_Brief_
Exact copy, no pictures: take the lines of the listing below from the first through the one containing "Made by lululemon, brought".

Records for this exercise: Begin

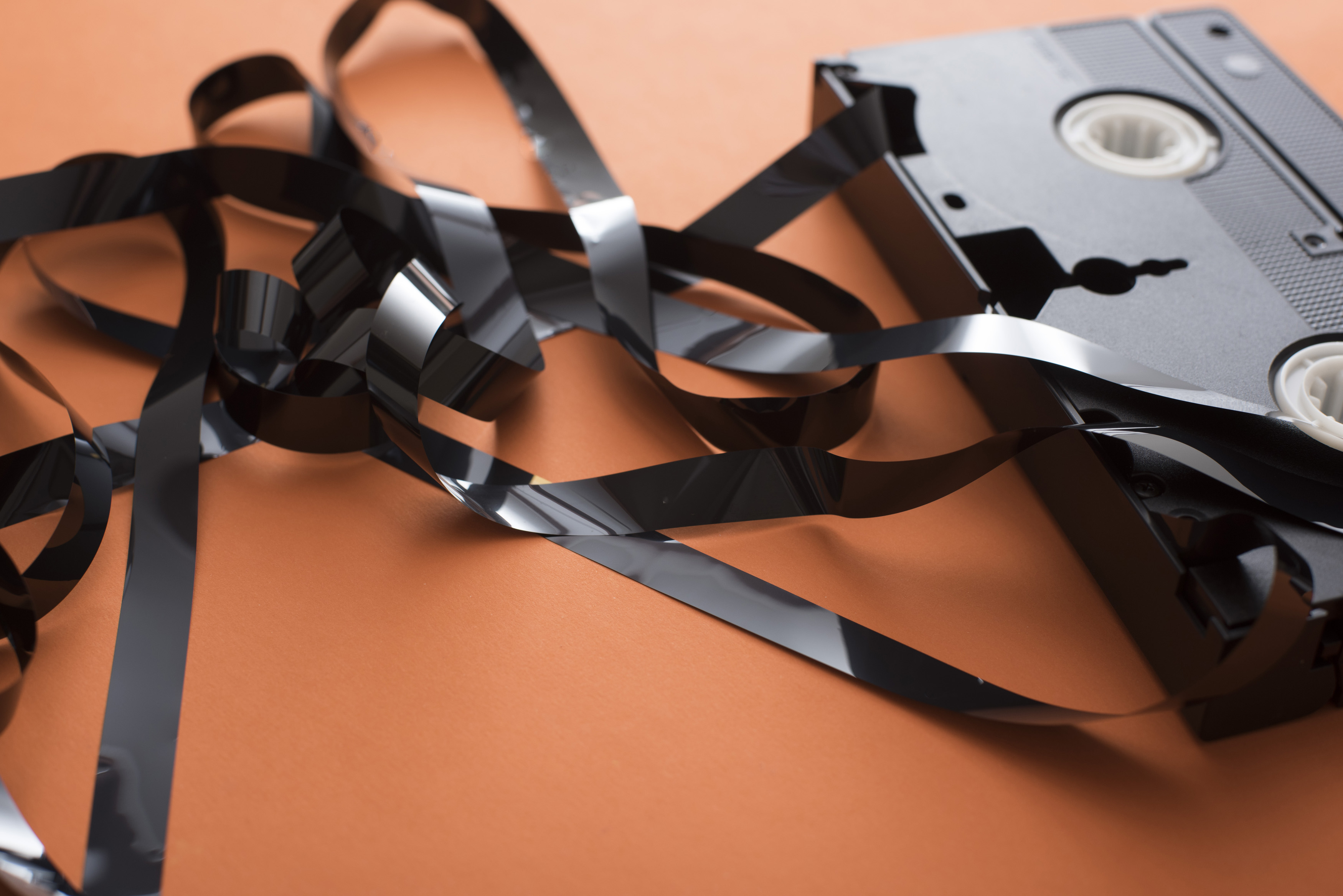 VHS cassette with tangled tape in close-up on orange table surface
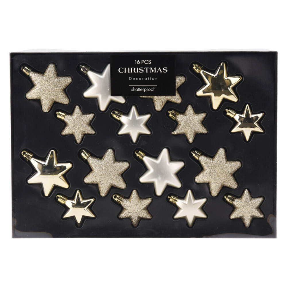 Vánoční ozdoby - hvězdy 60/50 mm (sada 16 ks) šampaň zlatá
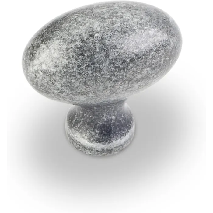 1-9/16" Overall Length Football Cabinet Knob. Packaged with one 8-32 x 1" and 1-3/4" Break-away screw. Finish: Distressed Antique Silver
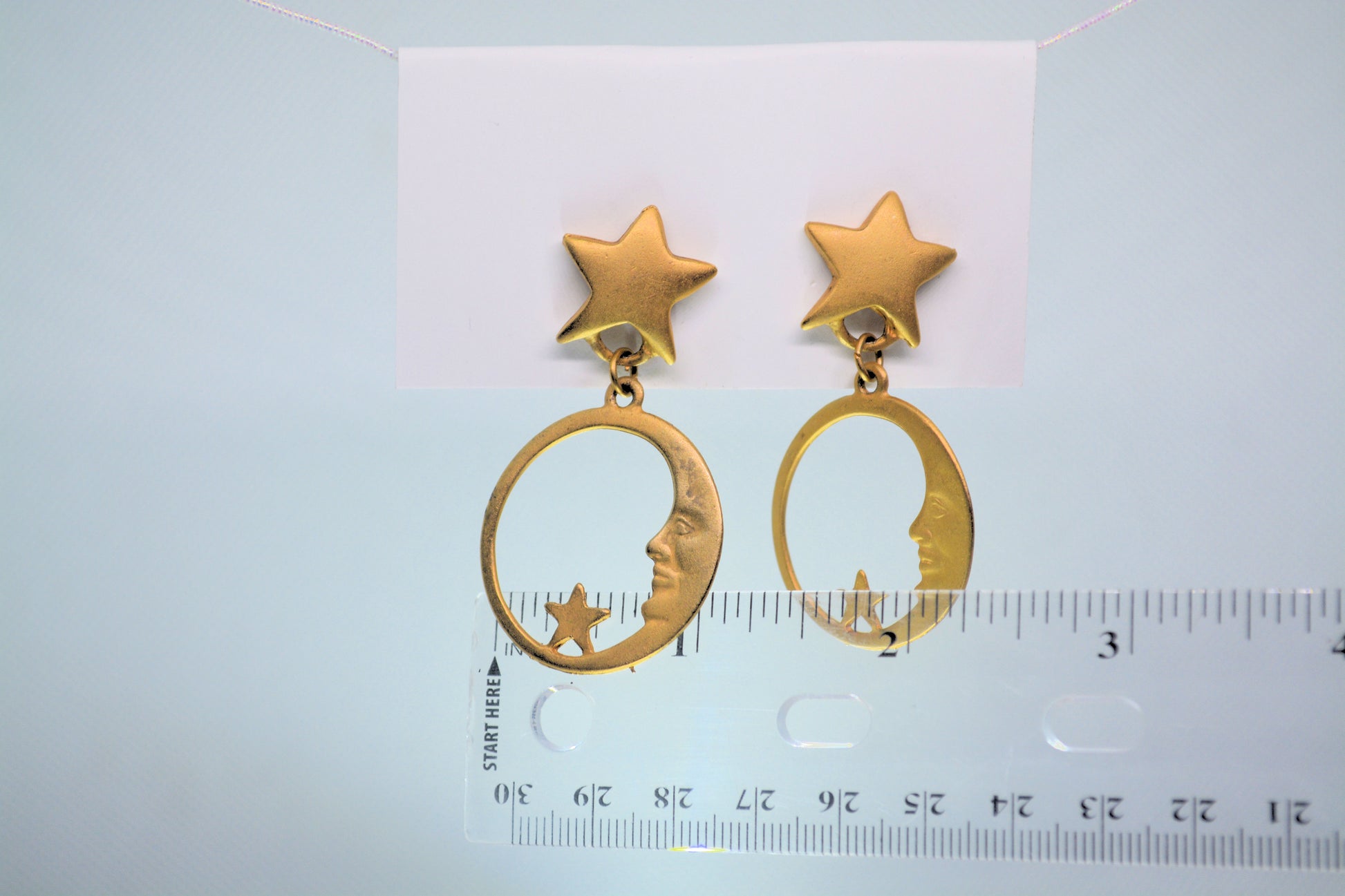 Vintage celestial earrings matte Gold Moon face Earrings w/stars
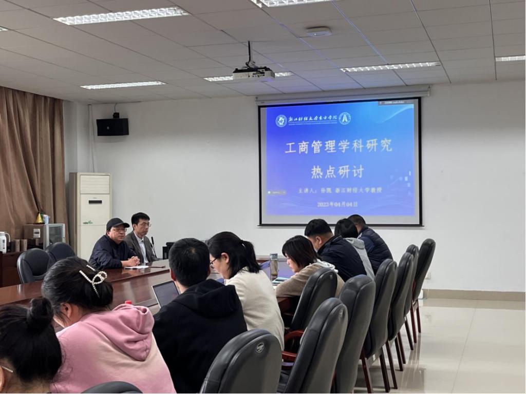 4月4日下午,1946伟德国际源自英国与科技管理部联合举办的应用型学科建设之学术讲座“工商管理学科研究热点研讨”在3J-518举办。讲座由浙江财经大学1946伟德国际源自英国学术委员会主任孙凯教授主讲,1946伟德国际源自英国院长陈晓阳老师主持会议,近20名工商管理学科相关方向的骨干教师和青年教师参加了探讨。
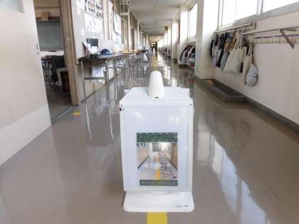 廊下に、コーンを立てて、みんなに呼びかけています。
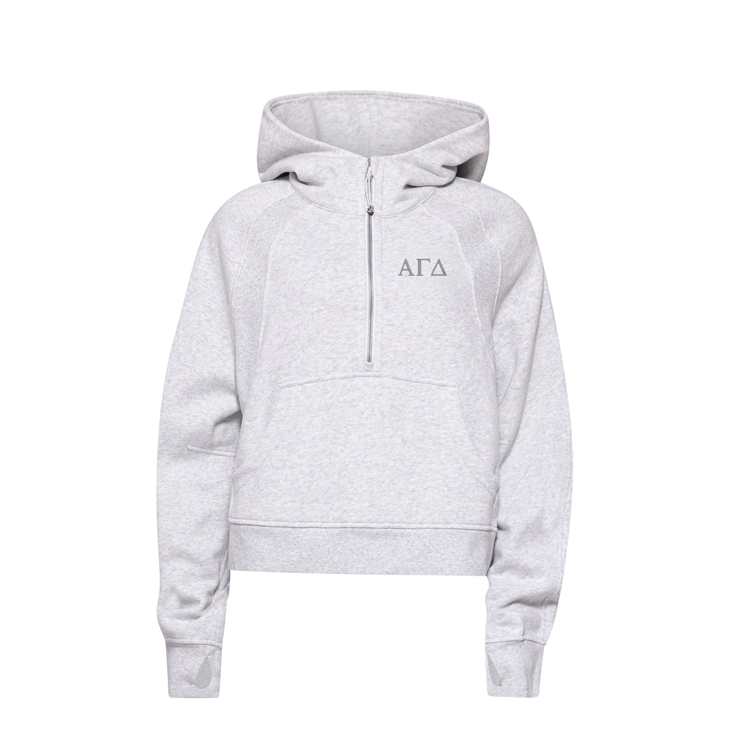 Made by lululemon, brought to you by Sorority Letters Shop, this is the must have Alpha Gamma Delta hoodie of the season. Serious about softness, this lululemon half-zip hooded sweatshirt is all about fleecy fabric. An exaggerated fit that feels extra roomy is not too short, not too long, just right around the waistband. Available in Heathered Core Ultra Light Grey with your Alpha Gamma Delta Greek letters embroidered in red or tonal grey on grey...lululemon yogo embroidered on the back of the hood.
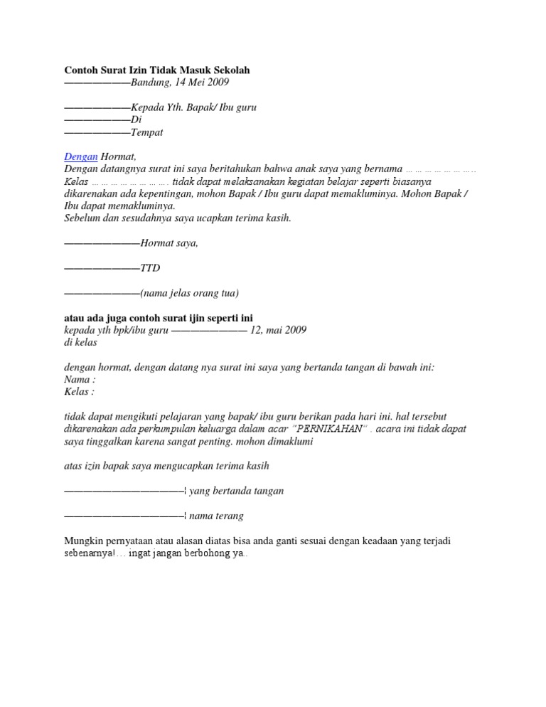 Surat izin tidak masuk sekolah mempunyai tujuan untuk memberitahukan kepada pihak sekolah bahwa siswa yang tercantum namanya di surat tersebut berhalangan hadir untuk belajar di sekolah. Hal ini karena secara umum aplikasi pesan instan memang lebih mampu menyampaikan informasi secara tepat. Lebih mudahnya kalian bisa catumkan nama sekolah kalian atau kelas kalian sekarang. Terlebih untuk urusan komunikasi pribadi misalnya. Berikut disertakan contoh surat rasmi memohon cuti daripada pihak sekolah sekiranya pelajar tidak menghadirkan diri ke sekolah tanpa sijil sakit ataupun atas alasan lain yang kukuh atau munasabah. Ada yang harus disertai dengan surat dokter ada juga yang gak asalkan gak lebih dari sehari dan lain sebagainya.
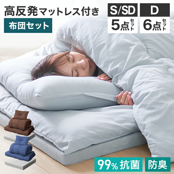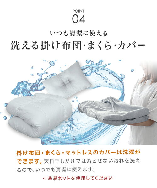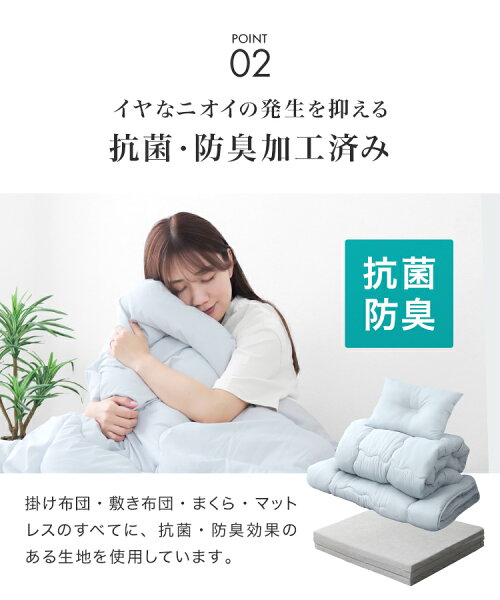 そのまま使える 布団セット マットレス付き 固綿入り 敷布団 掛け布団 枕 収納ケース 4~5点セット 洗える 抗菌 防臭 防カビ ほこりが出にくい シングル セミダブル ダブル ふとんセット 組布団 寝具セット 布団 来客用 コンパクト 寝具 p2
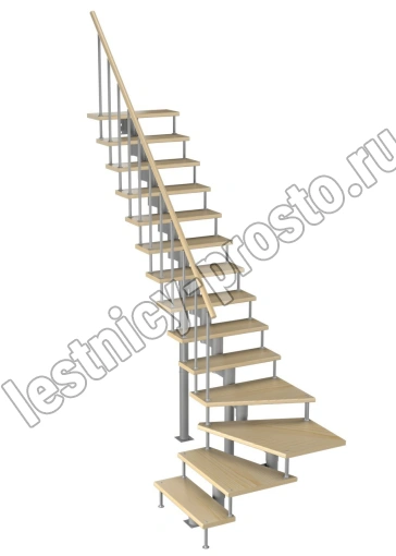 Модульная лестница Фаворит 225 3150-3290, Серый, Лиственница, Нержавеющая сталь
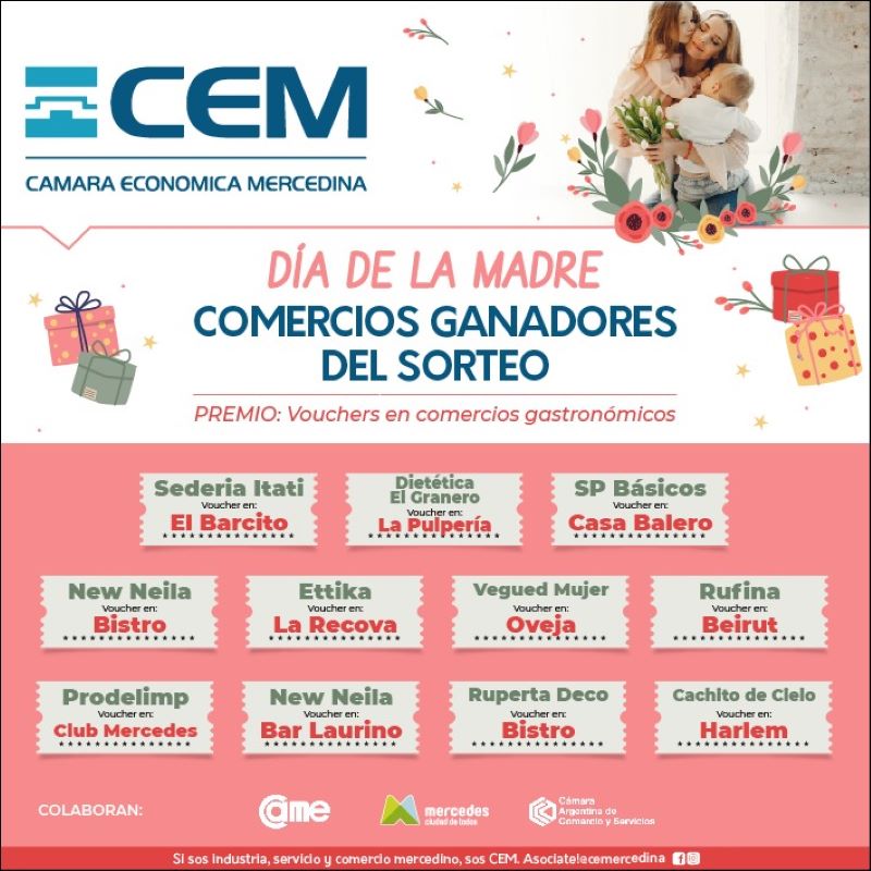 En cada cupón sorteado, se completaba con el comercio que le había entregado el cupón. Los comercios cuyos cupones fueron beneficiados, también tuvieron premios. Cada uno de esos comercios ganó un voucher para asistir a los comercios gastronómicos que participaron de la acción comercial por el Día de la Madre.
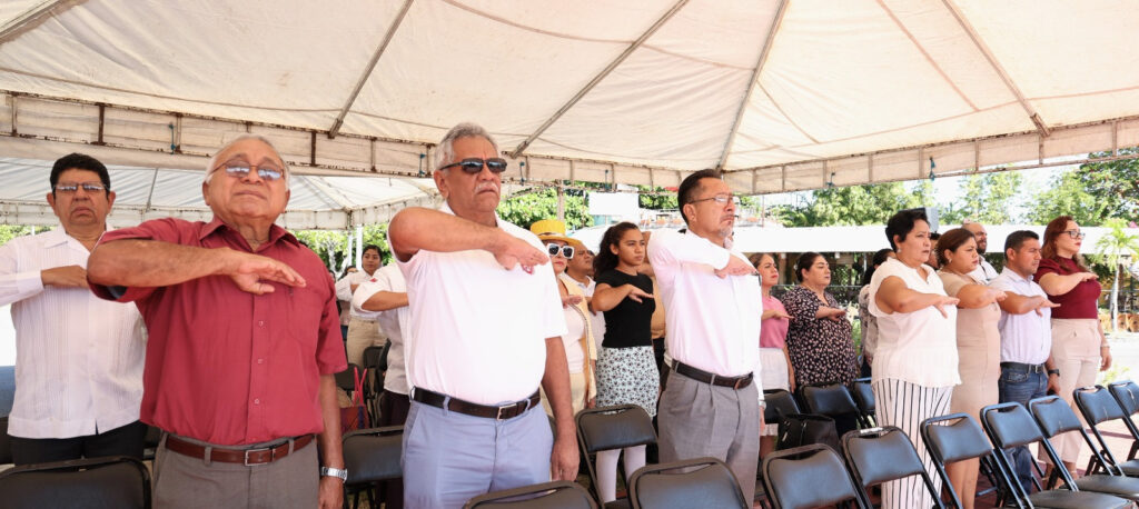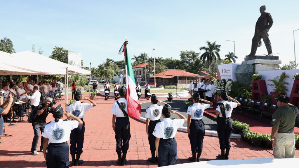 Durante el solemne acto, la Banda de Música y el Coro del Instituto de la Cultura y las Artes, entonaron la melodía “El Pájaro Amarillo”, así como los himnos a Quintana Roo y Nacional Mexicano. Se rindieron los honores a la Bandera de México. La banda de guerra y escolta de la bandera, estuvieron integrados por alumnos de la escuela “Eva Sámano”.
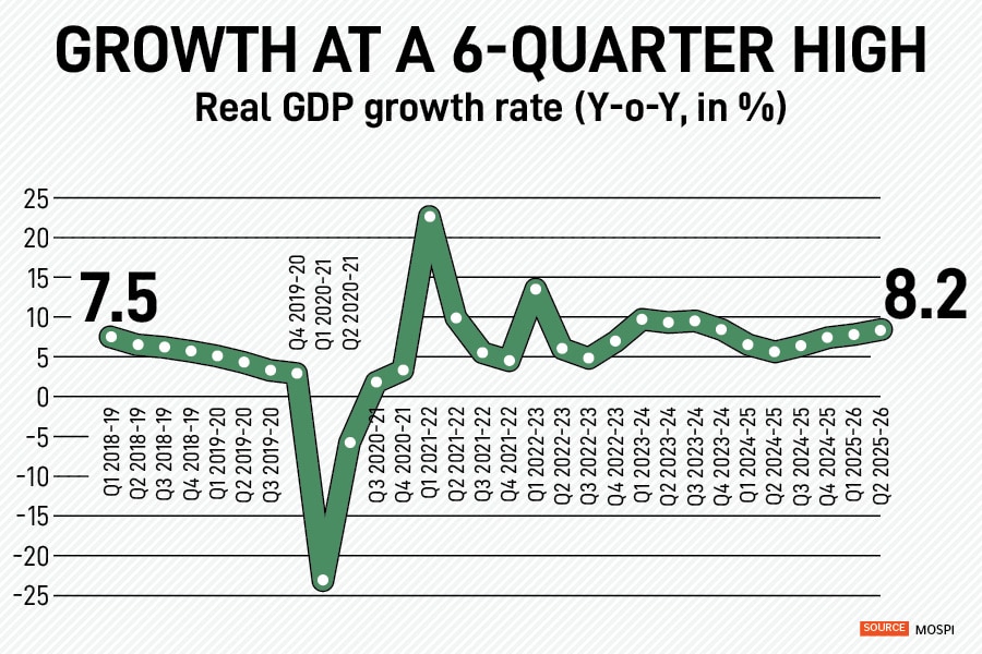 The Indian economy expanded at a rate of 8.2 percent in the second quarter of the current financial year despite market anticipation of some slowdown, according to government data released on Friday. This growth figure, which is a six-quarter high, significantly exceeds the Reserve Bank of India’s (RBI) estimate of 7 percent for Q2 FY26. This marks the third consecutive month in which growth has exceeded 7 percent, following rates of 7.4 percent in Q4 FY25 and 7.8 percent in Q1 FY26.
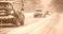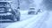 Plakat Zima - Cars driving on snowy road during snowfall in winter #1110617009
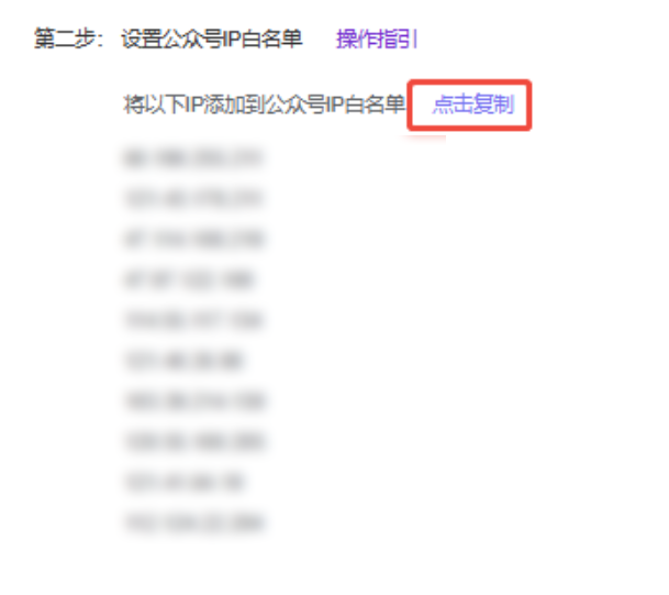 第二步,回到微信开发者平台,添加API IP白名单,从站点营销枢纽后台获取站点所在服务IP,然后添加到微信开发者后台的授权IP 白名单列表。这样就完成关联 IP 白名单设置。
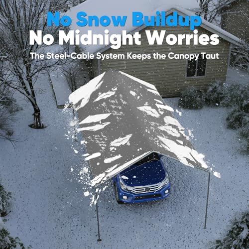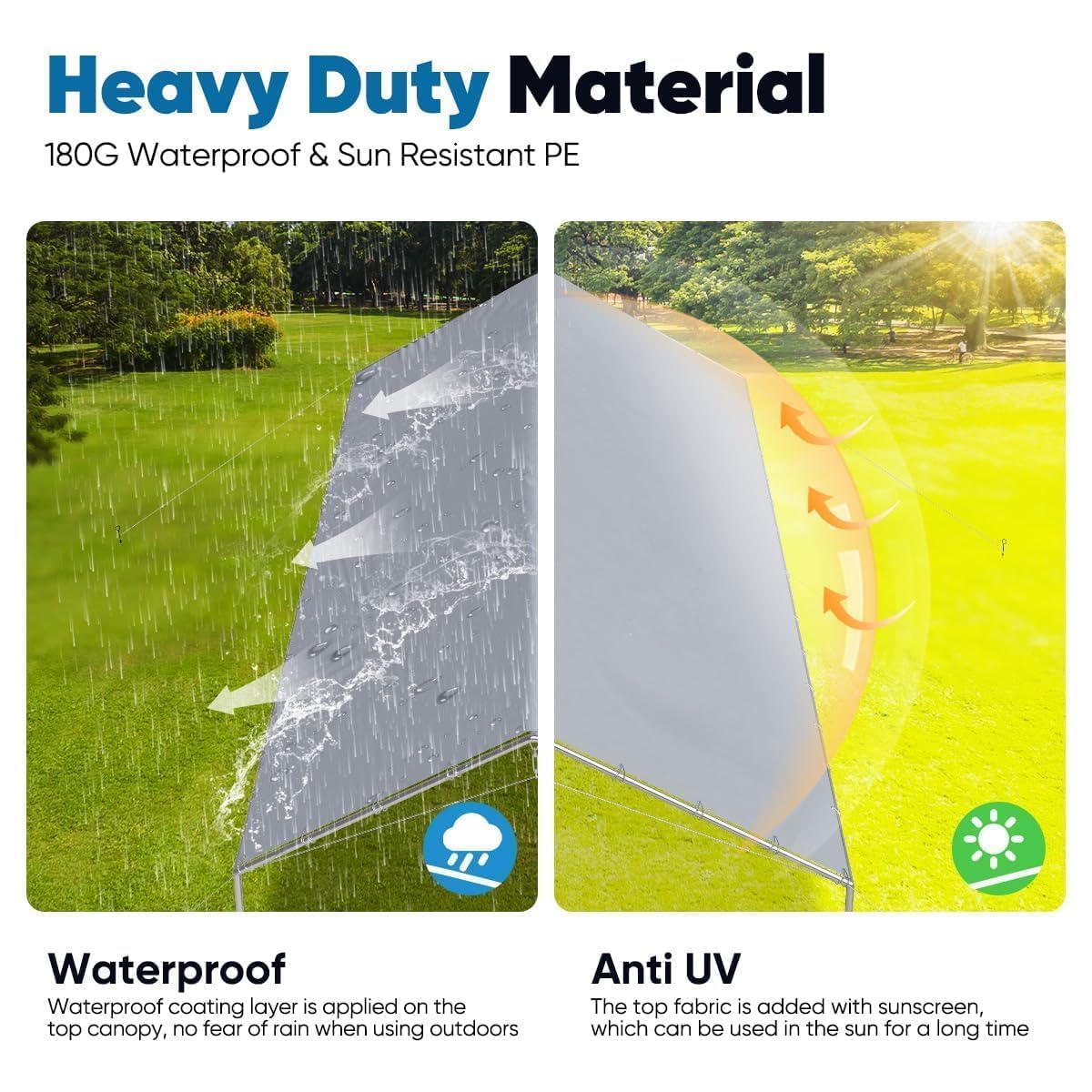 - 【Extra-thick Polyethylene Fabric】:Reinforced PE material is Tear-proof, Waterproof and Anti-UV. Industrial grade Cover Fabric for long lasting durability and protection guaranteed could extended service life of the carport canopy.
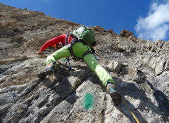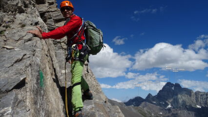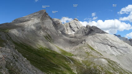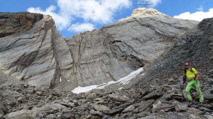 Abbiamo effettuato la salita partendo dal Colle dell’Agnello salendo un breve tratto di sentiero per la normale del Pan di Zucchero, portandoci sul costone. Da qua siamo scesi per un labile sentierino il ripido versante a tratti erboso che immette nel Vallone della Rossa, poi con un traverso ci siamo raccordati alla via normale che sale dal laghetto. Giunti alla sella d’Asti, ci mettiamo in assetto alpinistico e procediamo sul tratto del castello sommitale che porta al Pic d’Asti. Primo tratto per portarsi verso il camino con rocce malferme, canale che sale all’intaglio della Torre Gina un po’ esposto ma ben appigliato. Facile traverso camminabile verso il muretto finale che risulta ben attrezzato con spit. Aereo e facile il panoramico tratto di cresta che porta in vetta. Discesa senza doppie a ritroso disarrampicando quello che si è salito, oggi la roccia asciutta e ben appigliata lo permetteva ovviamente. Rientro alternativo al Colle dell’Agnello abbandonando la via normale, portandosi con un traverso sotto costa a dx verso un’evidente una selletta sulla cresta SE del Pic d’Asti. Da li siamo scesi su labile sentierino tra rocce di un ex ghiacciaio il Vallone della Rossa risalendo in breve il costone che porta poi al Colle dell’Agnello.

Records for this exercise: End

_Written response_
 VHS cassette with tangled tape in close-up on orange table surface
 Vánoční ozdoby - hvězdy 60/50 mm (sada 16 ks) šampaň zlatá
 1-9/16" Overall Length Football Cabinet Knob. Packaged with one 8-32 x 1" and 1-3/4" Break-away screw. Finish: Distressed Antique Silver
 Vintage celestial earrings matte Gold Moon face Earrings w/stars
 4月4日下午,1946伟德国际源自英国与科技管理部联合举办的应用型学科建设之学术讲座“工商管理学科研究热点研讨”在3J-518举办。讲座由浙江财经大学1946伟德国际源自英国学术委员会主任孙凯教授主讲,1946伟德国际源自英国院长陈晓阳老师主持会议,近20名工商管理学科相关方向的骨干教师和青年教师参加了探讨。
 廊下に、コーンを立てて、みんなに呼びかけています。
 Made by lululemon, brought to you by Sorority Letters Shop, this is the must have Alpha Gamma Delta hoodie of the season. Serious about softness, this lululemon half-zip hooded sweatshirt is all about fleecy fabric. An exaggerated fit that feels extra roomy is not too short, not too long, just right around the waistband. Available in Heathered Core Ultra Light Grey with your Alpha Gamma Delta Greek letters embroidered in red or tonal grey on grey...lululemon yogo embroidered on the back of the hood.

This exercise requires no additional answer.